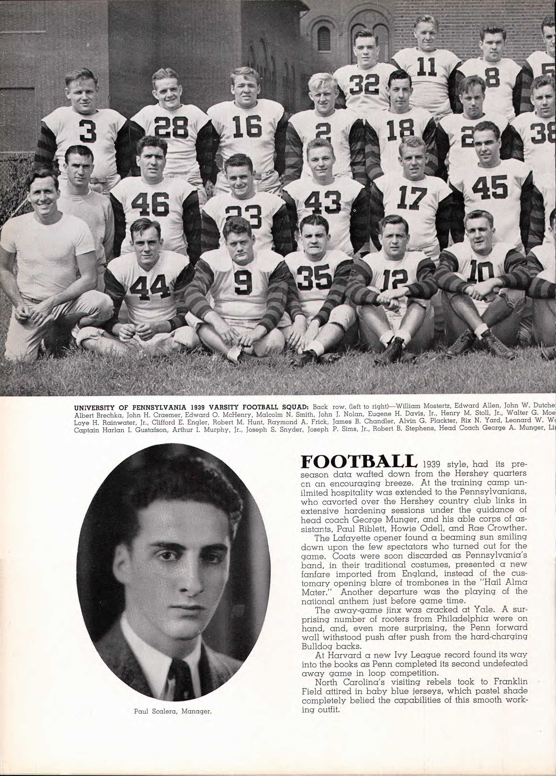 The 1939 Penn Quakers, from the University of Pennsylvania Yearbook, The 1940 Record, Irving Mendelson is on the left page, #23 but the “2” is obscured.24
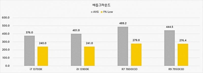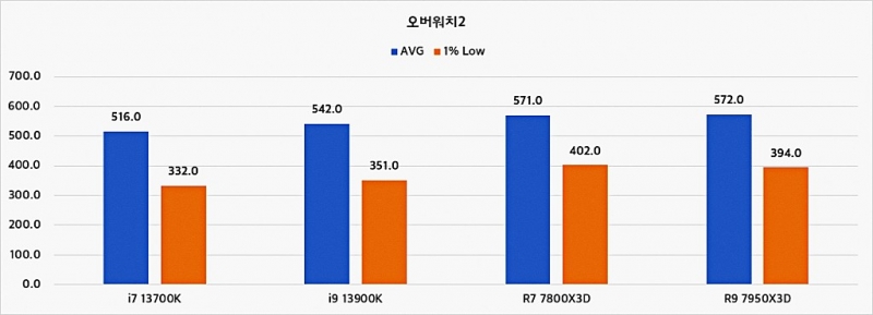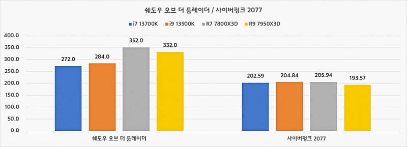 하지만 환경이 게임으로 옮겨지면 결과는 7800X3D의 완승이다. 심지어 7950X3D 보다 나은 성능으로 측정된 부분도 포착됐다. 물론 이의 원인은 발열관리 미흡으로 추정된다. 아무래도 고 클럭으로 구동하는 플래그십 시피유 특성상 발열을 제대로 식히지 못하면 성능을 일시적으로 낮추는 경우가 있다.
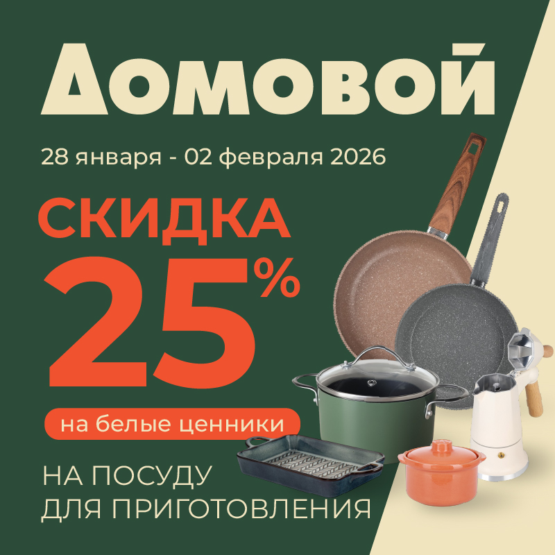 * Скидка действует с 28.01.2026г. по 02.02.2026 г. в розничных магазинах «Домовой» на посуду для приготовления с белыми ценниками по купону с предъявлением дисконтной карты «Домовой».
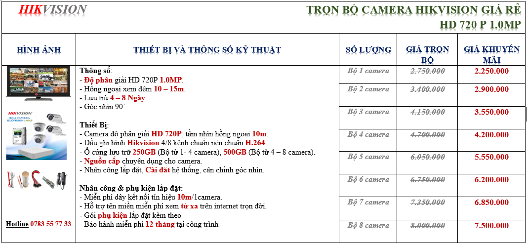 - Bộ camera giá rẻ với đầy đủ chưc năng hồng ngoại xem đêm 10m, chất lượng ổn định, hỗ trợ xem từ xa, lưu trữ bằng ổ cứng chuyên dụng, chất lương HD 720P, phù hợp lắp đặt cho gia đình - cửa hàng - quán ăn.

*Task description*
Give back the entire listing verbatim, without the pictures.

*Exercise response*
 The 1939 Penn Quakers, from the University of Pennsylvania Yearbook, The 1940 Record, Irving Mendelson is on the left page, #23 but the “2” is obscured.24
 하지만 환경이 게임으로 옮겨지면 결과는 7800X3D의 완승이다. 심지어 7950X3D 보다 나은 성능으로 측정된 부분도 포착됐다. 물론 이의 원인은 발열관리 미흡으로 추정된다. 아무래도 고 클럭으로 구동하는 플래그십 시피유 특성상 발열을 제대로 식히지 못하면 성능을 일시적으로 낮추는 경우가 있다.
 * Скидка действует с 28.01.2026г. по 02.02.2026 г. в розничных магазинах «Домовой» на посуду для приготовления с белыми ценниками по купону с предъявлением дисконтной карты «Домовой».
 - Bộ camera giá rẻ với đầy đủ chưc năng hồng ngoại xem đêm 10m, chất lượng ổn định, hỗ trợ xem từ xa, lưu trữ bằng ổ cứng chuyên dụng, chất lương HD 720P, phù hợp lắp đặt cho gia đình - cửa hàng - quán ăn.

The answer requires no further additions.